Figure 1. Time Series

(A) CL cases in Costa Rica.

(B) Mean temperature in Costa Rica.

(C) SST 4.

(D) MEI.

(E) Box plot with monthly square-root-transformed CL cases.

(F) The fits of (1) the Daubechies discrete wavelet (green lines), used to detrend the series so that the resulting data can then be analyzed for their dominant frequencies with a periodogram (a filter number 5 and eight levels of decomposition were used for this wavelet; the dashed line corresponds to periodic edges, and the dotted line to symmetric ones); (2) smoothing splines (blue solid line) and the first four reconstructed components of singular spectrum analysis (black dashed line; 60 orders). These methods were used to de-noise the signals so that dominant frequencies could be identified (with the maximum entropy spectral density method).

doi:10.1371/journal.pmed.0030295.g001

Statistical Analysis

Seasonality.

The seasonality of CL cases was assessed by using a box diagram (see Figure 1E) [17].

Interannual cycles of CL.

A time series is stationary if it has a constant mean and variance [1719]. Therefore, a nonstationary time series is one whose mean and/or variance is nonconstant. As Figure 1A shows, CL is nonstationary as it has a changing mean, an observation that can be confirmed by inspecting its autocorrelation function (see Figure S1). Because the disease is nonstationary, we used several methods of analysis to obtain robust results about the characteristic temporal scales of the cycles. The cycling patterns of a time series, yt, can be studied in the frequency domain and the time-frequency domain [18]. In the frequency domain, we used two main general approaches to determine the dominant frequencies in the data. The first one consisted of computing the periodogram, which gives the distribution of power (or, equivalently, variance) among different frequencies (see [19] and Protocol S1 for details). Thus, a peak in the periodogram indicates a dominant frequency. However, the periodogram assumes that the time series is stationary (i.e., with a constant mean and variance). Because our data are clearly nonstationary, we detrended the time series using the method known as discrete wavelet shrinkage (described in detail in Protocol S1).

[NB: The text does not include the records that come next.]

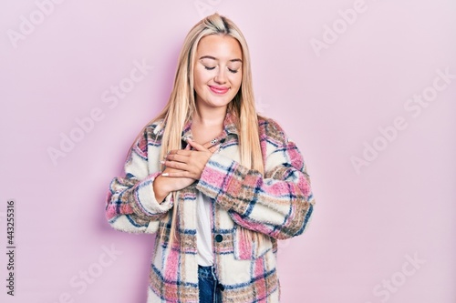 Young blonde girl wearing casual clothes smiling with hands on chest with closed eyes and grateful gesture on face. health concept.
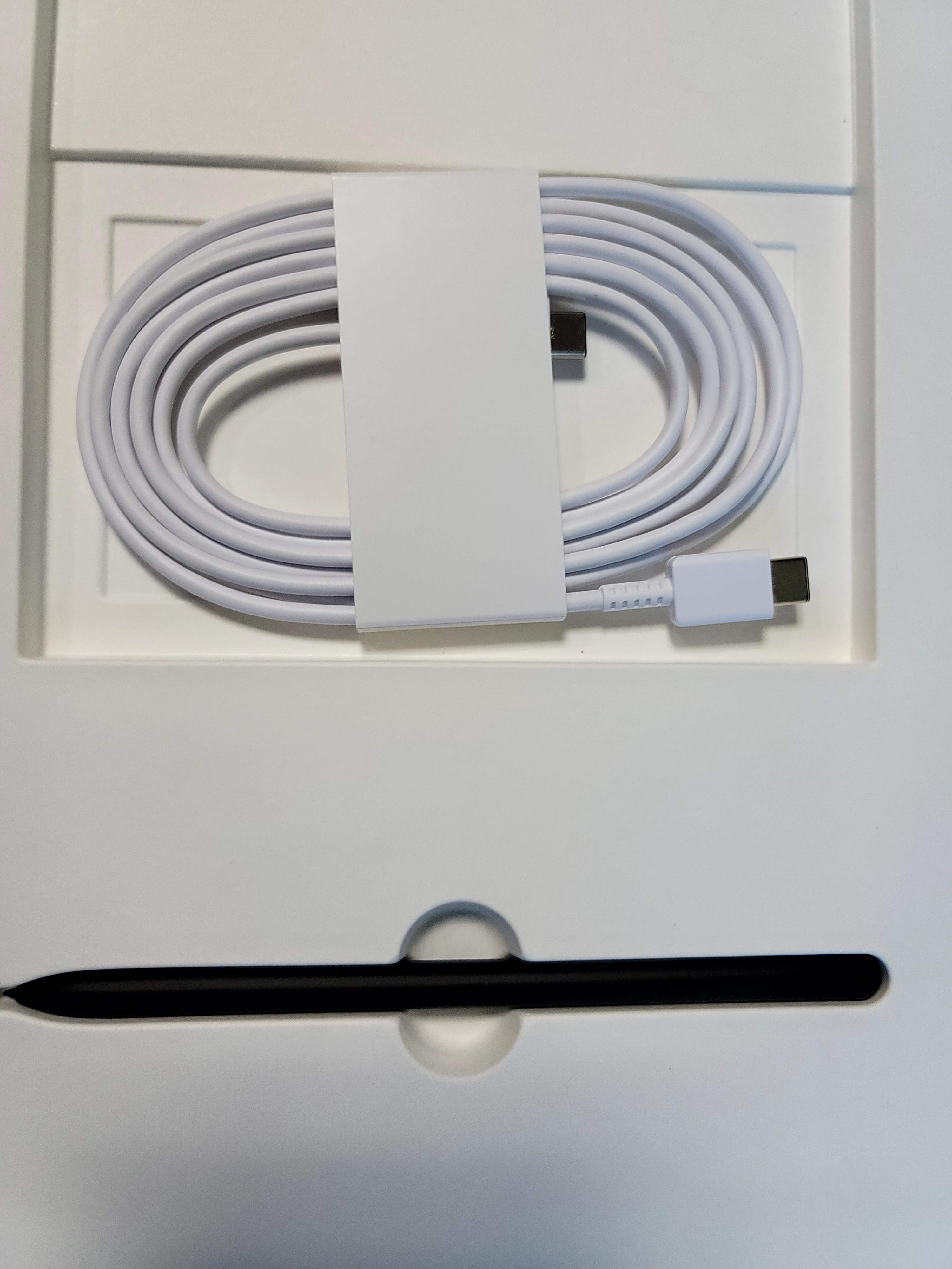 구성품은 펜과 C to C 케이블... 네.. 이번에는 삼성에서 어댑터를 안넣어줬어요...
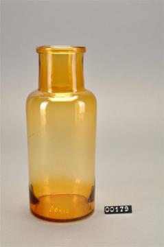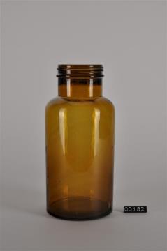 Brauner, zylindrischer Flaschenkörper, maschinell hergestellt, mit abfallender Schulter und kurzem Hals; mit Lufteinschlüssen. Mündungsrand verdickt. Nach oben gewölbter Boden mit Bodenprägung.
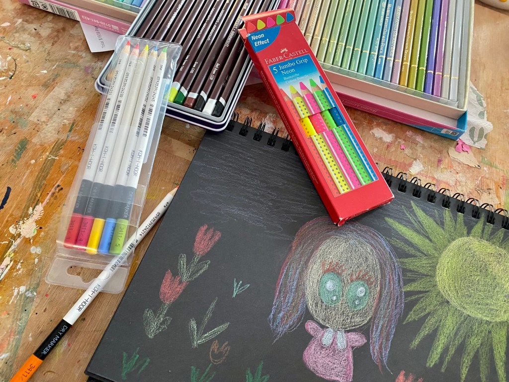 I enjoy the occasional black paper art. Whilst the colors pop out even more than on white paper, the whole atmosphere has an aura of mystery. Best mediums for black paper include colored pencils and pastels and as for paints, acrylic and gouache. For this drawing I used a page from my Black Paper sketchbook by ArtGecko and a variety of colored pencils including Holbein’s Artists Colored Pencil which also includes a wide selection of pastel shades, some fluorescent varieties by Faber Castel and Koh i Noor and of course a good quality set of plain colors such as Derwent Colorsoft.
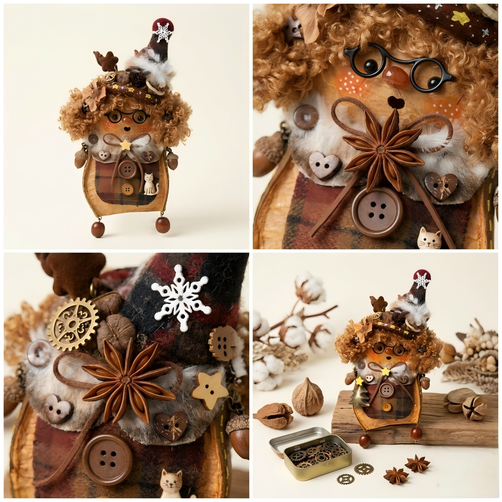 Nature-Sculpted Base: Her body is formed from a unique Speckled botanical seed pod, meaning no two Kringles in the world share the same shape.

The second method consisted of the maximun entropy spectral density Y(vk) and was computed using the parameters of a pth order autoregressive process fitted to the data (see [20] and Protocol S1 for details).

The above characterizations of the cycles consider the whole temporal extent of the data and therefore provide, as such, only an average picture of dominant frequencies in the data. More recently, the importance of localizing these frequencies in time has been emphasized, particularly for nonstationary data. The wavelet power spectrum (WPSy) allows us to do so by calculating a measure of power as a function of both frequency and time. In other words, we can determine when in the temporal record a particular frequency is dominant and significant ([21,22]; see Protocol S1 for technical details).

Patterns of association between climate variables and CL.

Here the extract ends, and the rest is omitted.